There I am, scooping up the kitty truffles and the frozen dog poo and cleaning the toilet and washing the dishes and dusting everything including the bananas in the fruit bowl, and then the people show up and say our house is too SMALL. Well no shit, Sherlock. If it was bigger, it would cost more. If it was bigger, it wouldn't say COZY because cozy is a dead giveaway that the place is smaller than Granny's bread box. And yes, I mean bread box ... where ARE your minds tonight?
It's been exactly a week since Dave left. On one hand I am doing OK. On the other, I'm a complete mess. The house, though, the house is clean. Small, feck you very much, but clean.

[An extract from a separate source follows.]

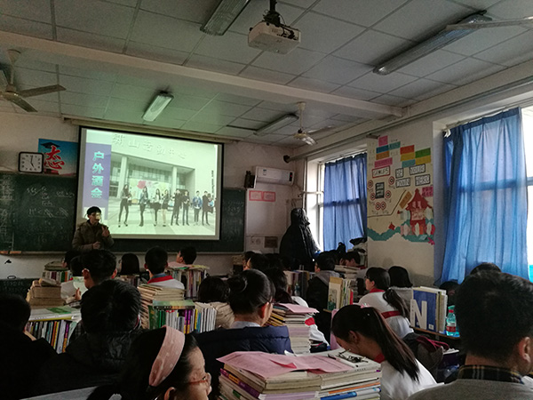 在本次活动的负责人的带领下,我们一行人来到高三班级中,从于右任先生创办我校说起,介绍我校的大楼、大师以及大爱,让同学们充分了解与感受到我校的综合实力与人文关怀。我们也向他们讲述了我校的科研成果--克隆羊、西农苹果、土豆炖牛肉等以及周尧教授、王辉教授等大师的先进事迹,同学们聚精会神地听着,时不时报以哄堂大笑。同时我们也展示了我校丰富的课余生活与美丽的校园景色,在同学们看到校园美景的一阵阵赞叹声以及收到来自西农的小纪念品地喜悦感中结束了宣讲。班级班主任亦给予我校及本次活动很高评价。

Last night I was reading a blog post from my friend Lisa, the Square-Toothed Girl. I only dropped around because she grabbed me by the nose on Facebook and said, "HEY! STRANGER! I WROTE ABOUT YOU SO GET YOUR ARSE OVER TO MY BLOG AND LOOK!" Well, she didn't say that, not exactly, but close. That's pretty much the only blog visiting I've been doing is when someone leads me around by the twist in my knickers and says READ THIS. Either that or they miraculously appear first in my blog roll, because if they're not first, I'm too lazy/exhausted/depressed/anxious to scroll down any further. Anyway, I read what Lisa said and I started BAWLING. Like, you know when people write LOL? I was BOL. Ugly, blubbery blubbering. It was a good thing there was no one here to witness the debacle, except for the cats and the dog, of course. Fat lot they care. Long as their bowls are full, they don't give a crap. Well, that's not exactly true. They crap a lot. Big turd squeezers, is what they are. Like icing bags, only it's not icing being piped out their hind ends.
Note to self: stop writing about poop so much.
I miss you, Dave, and it's so much worse not knowing when we'll reconnect. It's all in the hands of the mysterious somebody who will love our house, smallness and all, and the suspense is killing me.